W ostatnich dniach doszło do gorączkowych spotkań między federacjami europejską (EHF), norweską (NHF) i duńską (DHF), których celem było znalezienie alternatywnego sposobu na przeprowadzenie mistrzostw.

– Z ciężkim sercem musimy przyznać, że tym razem nie udało się zorganizować mistrzostw w Norwegii. Przez całą jesień prowadziliśmy dialog z Ministerstwem Kultury, rządem i Instytutem Zdrowia Publicznego – zarówno na szczeblu lokalnym, jak i krajowym. Przewróciliśmy każdy kamień w nadziei na mistrzostwa w Norwegii.

Nadszedł czas, aby zaakceptować, że nie jest to możliwe z wytycznymi obowiązującymi w kraju. Jako związek przestrzegamy decyzji władz krajowych i lokalnych. Kilkakrotnie mówiliśmy, że norweskie władze są mistrzami świata w kontroli zakażeń i cieszę się, że mogę to powtórzyć – przekonuje prezes NFZ Kare Geir Lio.

Norweskie media piszą jednak o „wielkim upokorzeniu i skandalu ciągnącym się przez wiele lat”.

Duńczycy gotowi

Dania już wcześniej otwarcie mówiła, że jest gotowa do przejęcia całych mistrzostw.

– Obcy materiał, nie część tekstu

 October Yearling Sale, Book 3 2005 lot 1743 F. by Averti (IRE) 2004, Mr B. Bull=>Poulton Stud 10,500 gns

Co prawda 6 listopada zamknięto region Fredrikshavn, gdzie miała rywalizować grupa B (po wykryciu mutacji koronawirusa w fermach norek i wielu przypadków zarażanie się nim ludzi), lecz mecze rozegrane zostaną w Herning – gospodarzu grupy A.

Przeniesienie do tego miasta kolejnych grup – C i D (w tej ostatniej zagra Polska) jest niemożliwe ze względów logistycznych, lecz DHF podkreśliła, że ma listę szeregu duńskich miast „bardzo zainteresowanych i gotowych na organizację meczów w bardzo krótkim terminie”.

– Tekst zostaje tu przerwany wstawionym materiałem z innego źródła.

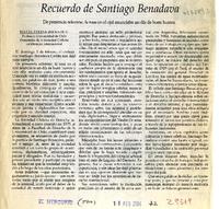 Recuerdo de Santiago Benadava [artículo] / María Teresa Infante C. El Mercurio (Diario : Santiago, Chile)-- feb. 19, 2004, p. A2. .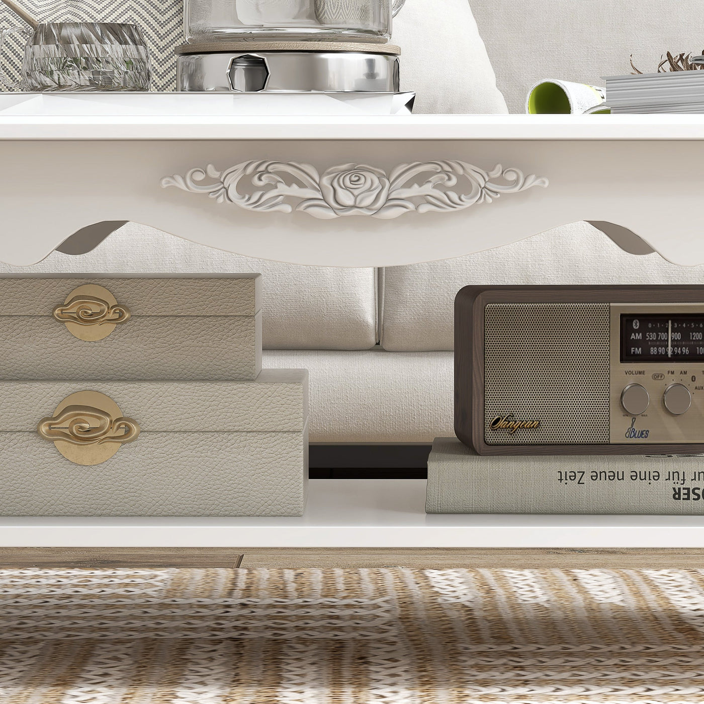 HOMCOM White Coffee Table Wood Cocktail Tea Centre Table with Storage Shelf for Living Room Reception Room, 94L x 44W x 42H cm - White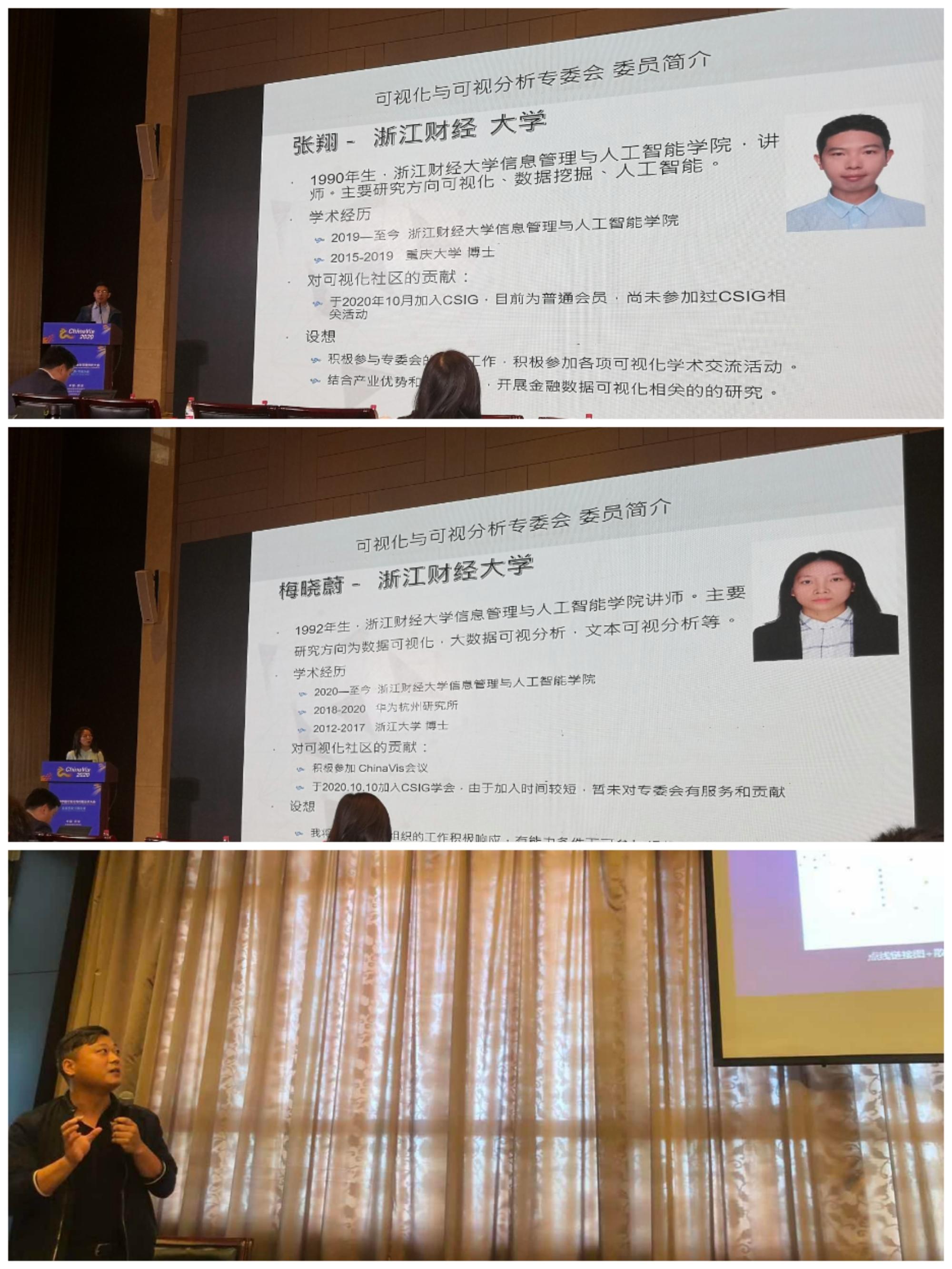 张翔、梅晓慰老师向可视化与可视分析专业委员会提交了自己的新进委员申请,并在会议上向各位委员介绍了自己的研究方向和已有相关成果。刘玉华老师在“网络与图”专题会议上宣读了大会录用的“多元网络可视分析综述”论文,并与现场同行专家进行了交流互动。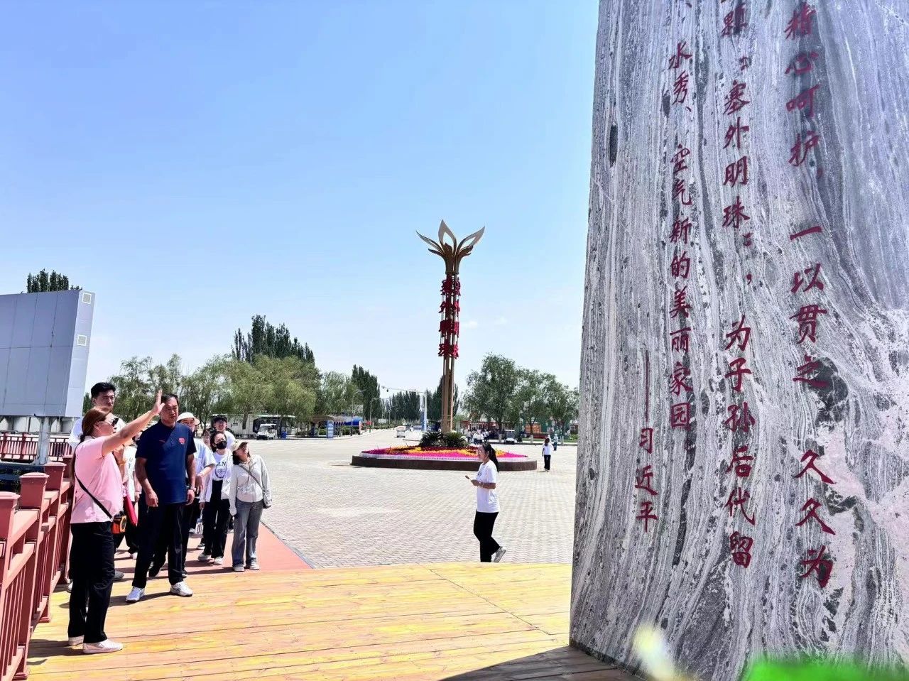 ac米兰官网中文网站党总支一行人首先来到了乌梁素海,这片被誉为“塞上明珠”的湖泊。我们沿着总书记曾经走过的道路,一路前行,感受着这片土地上的历史变迁和时代发展的脉搏。在乌梁素海边,我们驻足凝视,仿佛能听到总书记那铿锵有力的话语,感受到他对这片土地的深情厚意和对人民的殷切期望。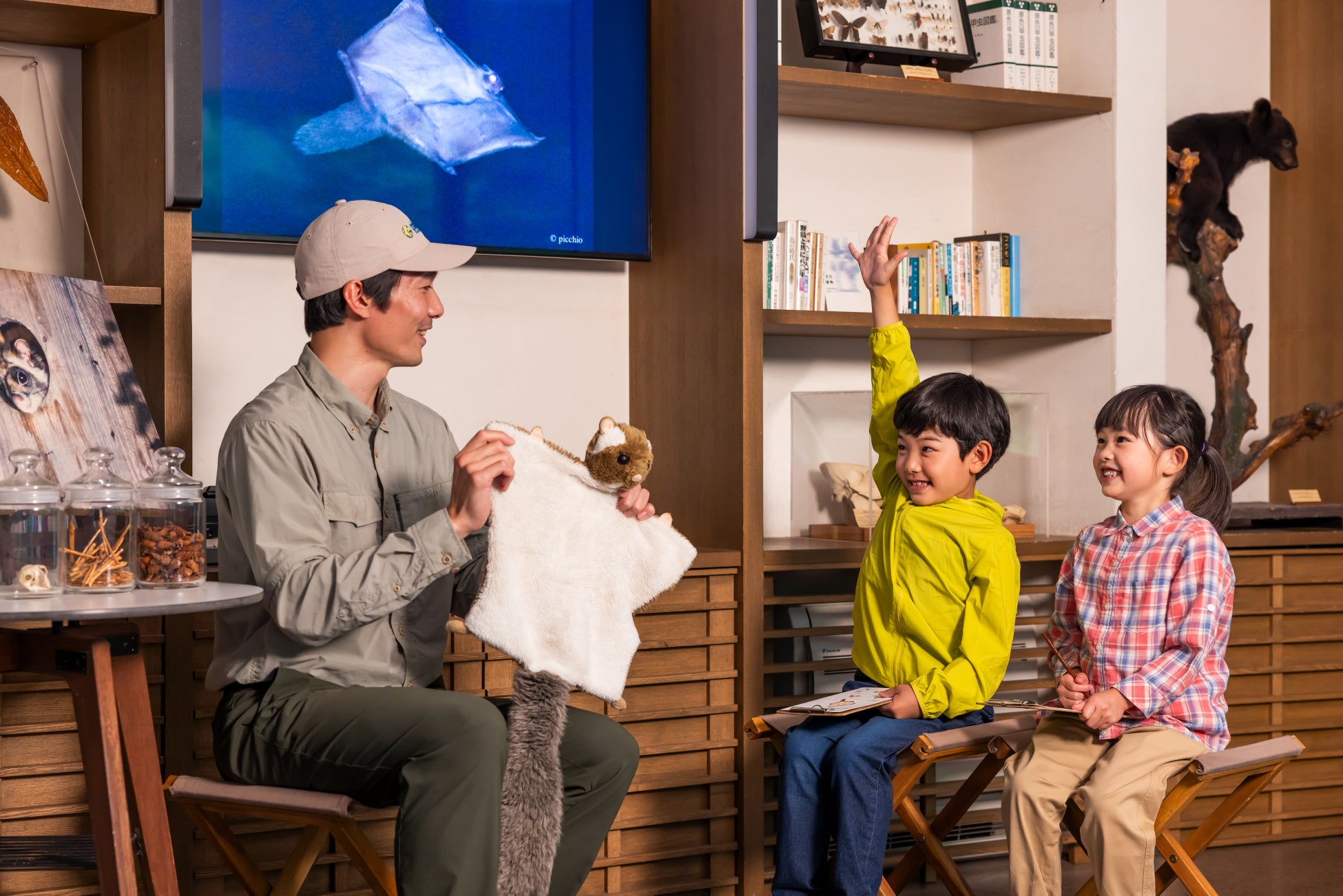 ツアーの前半はレクチャーの時間です。夜の森で樹上生活をするために進化してきた体の秘密や、驚きの生態に迫ります。生き物をこよなく愛するネイチャーガイドが、見逃さずに観察するためのコツなど、お子様にも楽しく分かりやすくレクチャーするので、大人からお子様までみんなでツアーを楽しめます。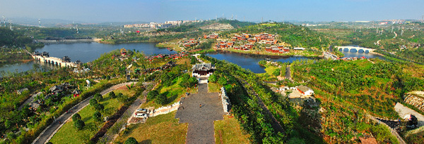 园博园位于重庆市北部新区龙景湖公园,现有面积219.6831公顷,四面临街,可远眺缙云山、鸡公山,嘉陵江温塘峡、观音峡等山景、水景、峡景和北碚城 市景观,可满足游览休息。周围交通便利,有轻轨3号线经过。耗资近20亿、占地3300亩的重庆园博园,是一个集自然景观和人文景观为一体的超大型城市生 态公园。

Warto przypomnieć, że w roku 2015 mistrzostwa świata kobiet oprócz Herning i Fredrikshavn odbywały się w Naestved (tu grały Polki) i Kolding.

Według nieoficjalnych wiadomości dziennika „Ekstrabladet” mecze z Trondheim zostaną przeniesione do Kolding, a runda finałowa odbędzie się w Herning. Decyzja oficjalnie ma zostać ogłoszona dzisiaj.